Collection entries:
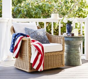 Drape your backyard in comfort and Americana charm with the Americana Cable Knit Throw from Pottery Barn. Featuring a cozy, chunky knit and a bold
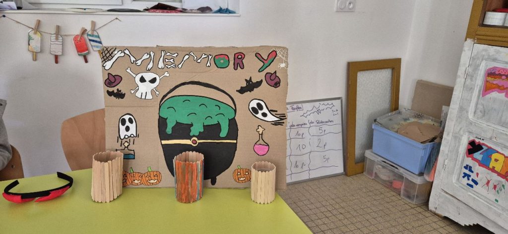 Le jeudi 30 octobre, les enfants ont invité les familles a participé a un concours de déguisement ou un jury notera les meilleurs costumes : catégorie parents, catégorie enfants et catégorie animateur-trice. De même, les animateurs ont préparé un labyrinthe de la peur. Qui osera y aller …. Les enfants ont également préparé une kermesse afin que tous le monde puisse s’amuser et un gouter partager.
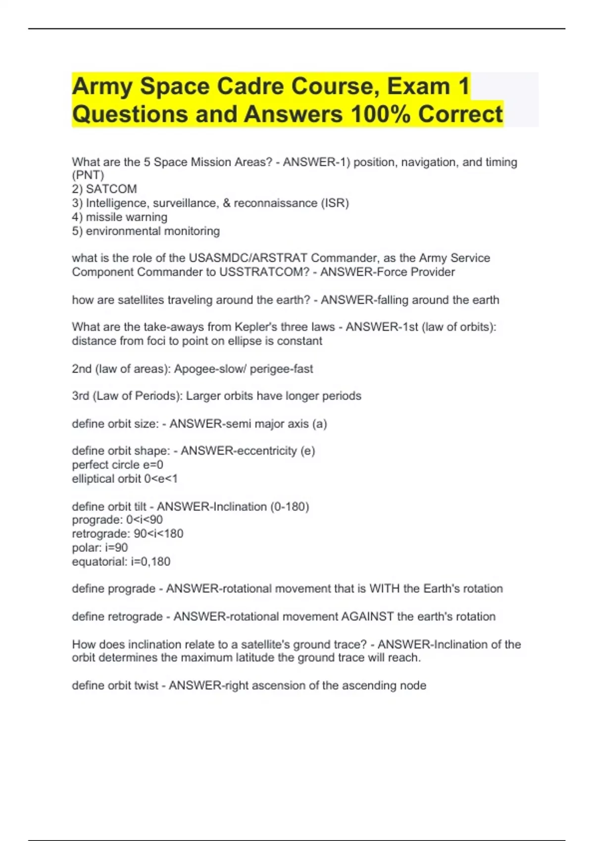 Army Space Cadre Course, Exam 1 Questions and Answers 100% Correct Army Space Cadre Course, Exam 1 Questions and Answers 100% CorrectArmy Space Cadre Course, Exam 1 Questions and Answers 100% CorrectArmy Space Cadre Course, Exam 1 Questions and Answers 100% Correct What are the 5 Space Mission Areas? - ANSWER-1) position, navigation, and timing (PNT) 2) SATCOM 3) Intelligence, surveillance, & reconnaissance (ISR) 4) missile warning 5) environmental monitoring what is the role of the USASMDC/ARSTRAT Commander, as the Army Service Component Commander to USSTRATCOM? - ANSWER-Force Provider
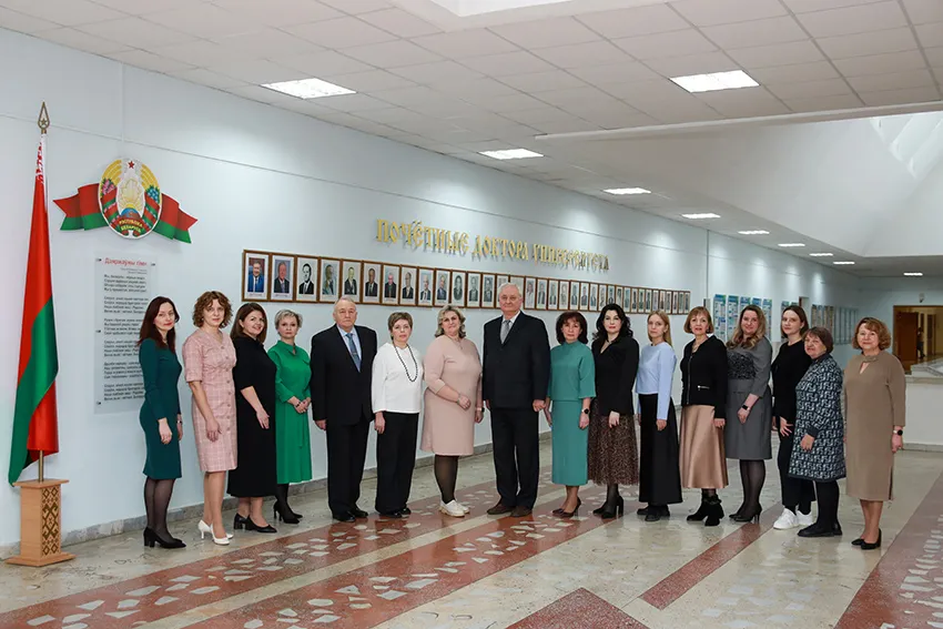 Второй ряд слева направо: проректор по воспитательной работе, доц. Манулик В.А., асс. Колб Е.Л., лаб. 2 кат. Волкова Н.Б., асс. Заточная В.В., проф. Артишевский А.А., доц. Большова Е.И., ст. преп. Китель В.В., доц. Анищенко С.Л., лаб. 2 кат. Жерко И.С., проректор по научной работе, проф. Кабак С.Л.
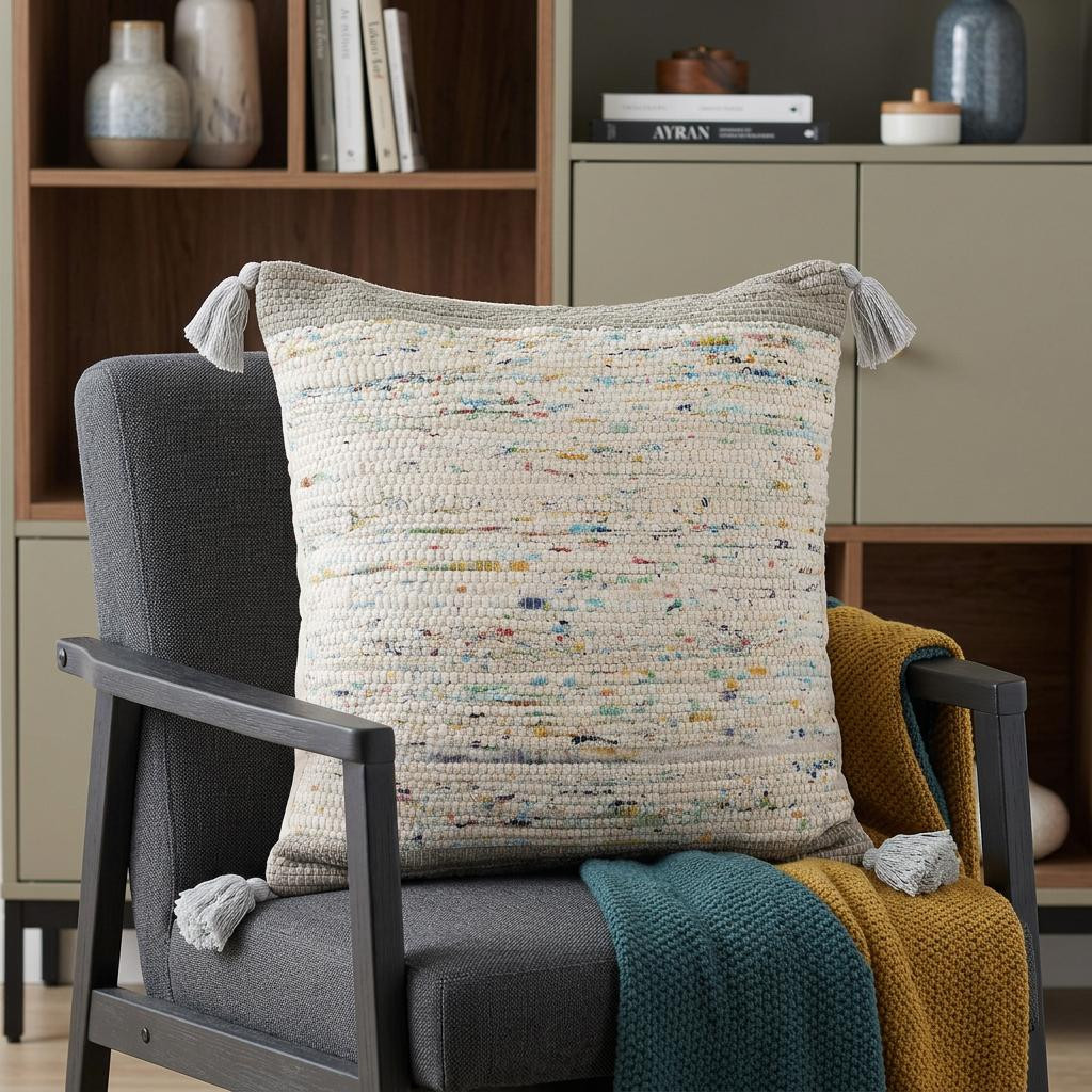 This 20" x 20" gray and off-white 100% cotton abstract zippered pillow will add a beautiful decorative accent to your decor. Soft and textural gray and off-white 100% cotton has been used to make this pillow look and feel like a real treasure. Great to use on its own or mix with other decorations for the perfect look. Decorative pillows are a great way to change up the look and feel of your space easily and quickly. 4" H x 20" W x 20" D

▸ Action item
Each entry should be copied exactly as written, though any pictures stay out.

▸ Answer box
 Drape your backyard in comfort and Americana charm with the Americana Cable Knit Throw from Pottery Barn. Featuring a cozy, chunky knit and a bold
 Le jeudi 30 octobre, les enfants ont invité les familles a participé a un concours de déguisement ou un jury notera les meilleurs costumes : catégorie parents, catégorie enfants et catégorie animateur-trice. De même, les animateurs ont préparé un labyrinthe de la peur. Qui osera y aller …. Les enfants ont également préparé une kermesse afin que tous le monde puisse s’amuser et un gouter partager.
 Army Space Cadre Course, Exam 1 Questions and Answers 100% Correct Army Space Cadre Course, Exam 1 Questions and Answers 100% CorrectArmy Space Cadre Course, Exam 1 Questions and Answers 100% CorrectArmy Space Cadre Course, Exam 1 Questions and Answers 100% Correct What are the 5 Space Mission Areas? - ANSWER-1) position, navigation, and timing (PNT) 2) SATCOM 3) Intelligence, surveillance, & reconnaissance (ISR) 4) missile warning 5) environmental monitoring what is the role of the USASMDC/ARSTRAT Commander, as the Army Service Component Commander to USSTRATCOM? - ANSWER-Force Provider
 Второй ряд слева направо: проректор по воспитательной работе, доц. Манулик В.А., асс. Колб Е.Л., лаб. 2 кат. Волкова Н.Б., асс. Заточная В.В., проф. Артишевский А.А., доц. Большова Е.И., ст. преп. Китель В.В., доц. Анищенко С.Л., лаб. 2 кат. Жерко И.С., проректор по научной работе, проф. Кабак С.Л.
 This 20" x 20" gray and off-white 100% cotton abstract zippered pillow will add a beautiful decorative accent to your decor. Soft and textural gray and off-white 100% cotton has been used to make this pillow look and feel like a real treasure. Great to use on its own or mix with other decorations for the perfect look. Decorative pillows are a great way to change up the look and feel of your space easily and quickly. 4" H x 20" W x 20" D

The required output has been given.